◆ **DIRECTIONS**:
Among the lines below, a stretch begins at the one with "- 研究目的:探究 hPBMCs" and ends at the one with "Jesuspirit | Scripture". Repeat that stretch exactly, ends included.

◆ **SUPPLIED MATERIAL**:
══════════

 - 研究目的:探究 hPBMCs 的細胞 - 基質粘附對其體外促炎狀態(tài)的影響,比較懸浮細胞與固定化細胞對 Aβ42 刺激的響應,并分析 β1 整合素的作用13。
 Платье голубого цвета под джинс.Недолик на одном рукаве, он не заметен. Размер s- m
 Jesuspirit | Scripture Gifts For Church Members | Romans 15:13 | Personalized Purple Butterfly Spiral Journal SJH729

══════════

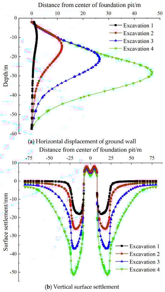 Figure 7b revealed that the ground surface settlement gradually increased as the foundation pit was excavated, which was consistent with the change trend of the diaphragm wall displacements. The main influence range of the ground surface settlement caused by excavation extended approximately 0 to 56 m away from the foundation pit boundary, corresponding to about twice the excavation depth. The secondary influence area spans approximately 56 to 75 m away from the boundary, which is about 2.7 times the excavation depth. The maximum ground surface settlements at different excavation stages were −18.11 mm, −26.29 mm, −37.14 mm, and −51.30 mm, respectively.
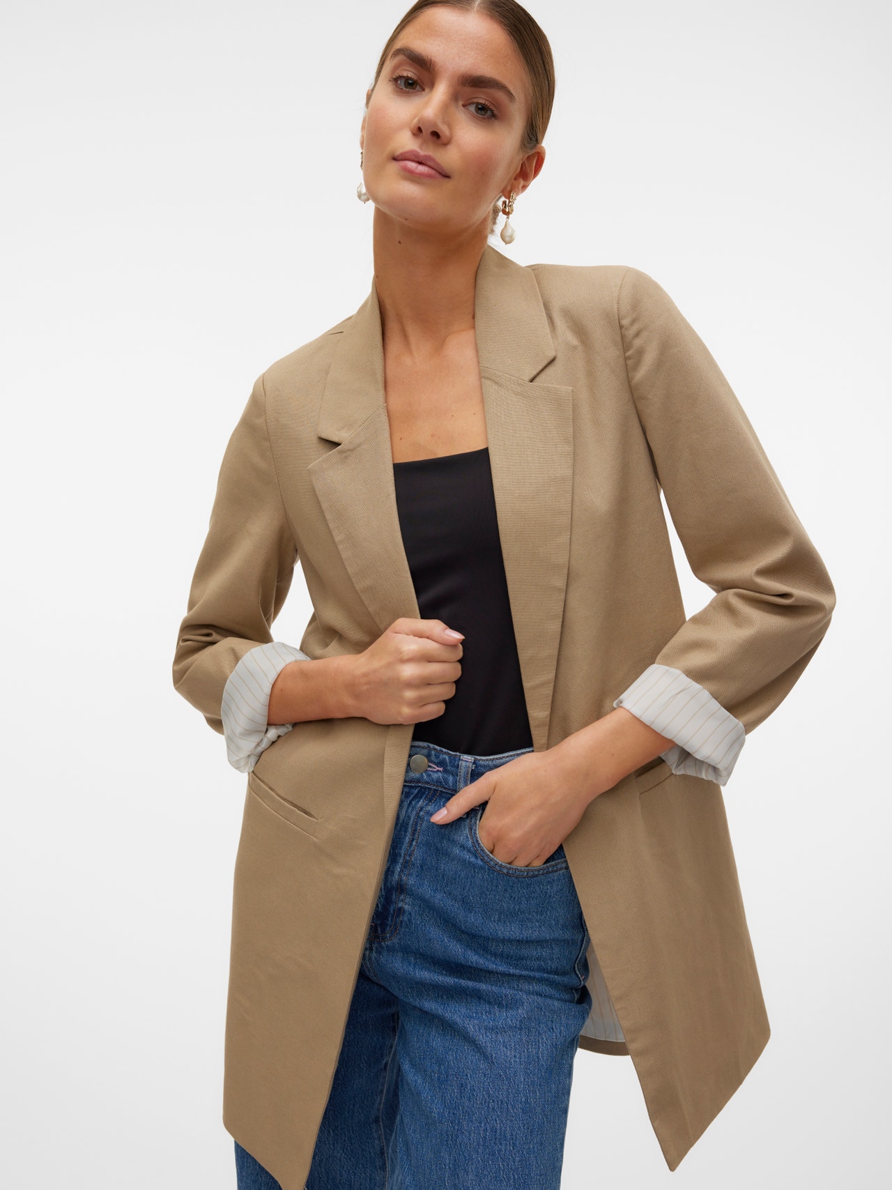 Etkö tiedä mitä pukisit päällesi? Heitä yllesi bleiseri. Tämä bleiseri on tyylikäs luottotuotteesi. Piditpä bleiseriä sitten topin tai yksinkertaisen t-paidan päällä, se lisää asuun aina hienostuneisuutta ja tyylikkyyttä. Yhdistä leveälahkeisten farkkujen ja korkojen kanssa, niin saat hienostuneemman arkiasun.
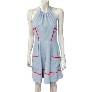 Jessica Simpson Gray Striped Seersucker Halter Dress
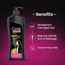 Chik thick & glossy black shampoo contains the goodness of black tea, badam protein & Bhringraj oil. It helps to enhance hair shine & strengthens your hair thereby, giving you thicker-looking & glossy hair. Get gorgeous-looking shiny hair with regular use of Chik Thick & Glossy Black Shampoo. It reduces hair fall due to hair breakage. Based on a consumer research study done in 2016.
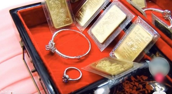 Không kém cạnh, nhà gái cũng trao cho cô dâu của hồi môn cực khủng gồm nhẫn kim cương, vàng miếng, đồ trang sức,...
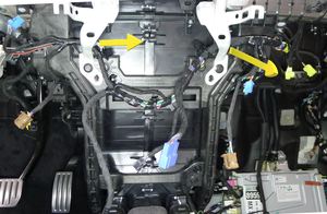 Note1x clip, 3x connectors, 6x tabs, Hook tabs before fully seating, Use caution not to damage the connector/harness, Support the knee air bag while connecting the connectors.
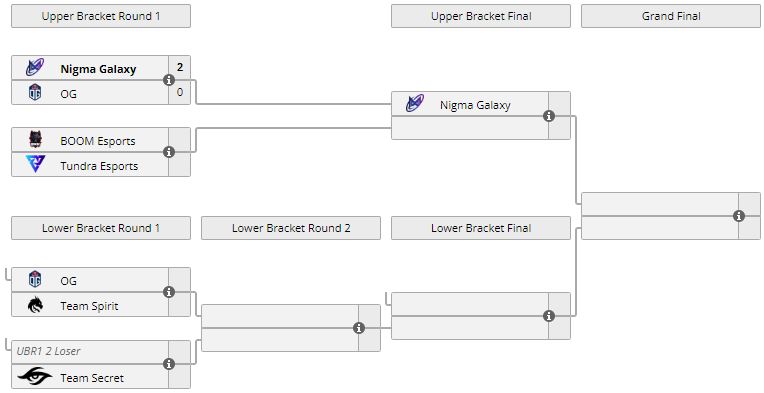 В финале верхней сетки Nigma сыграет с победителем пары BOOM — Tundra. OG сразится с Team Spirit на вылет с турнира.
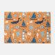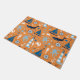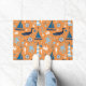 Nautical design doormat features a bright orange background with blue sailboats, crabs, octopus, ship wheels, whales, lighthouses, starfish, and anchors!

══════════

◆ **RESPONSE TO THE EXERCISE**:
 - 研究目的:探究 hPBMCs 的細胞 - 基質粘附對其體外促炎狀態(tài)的影響,比較懸浮細胞與固定化細胞對 Aβ42 刺激的響應,并分析 β1 整合素的作用13。
 Платье голубого цвета под джинс.Недолик на одном рукаве, он не заметен. Размер s- m
 Jesuspirit | Scripture Gifts For Church Members | Romans 15:13 | Personalized Purple Butterfly Spiral Journal SJH729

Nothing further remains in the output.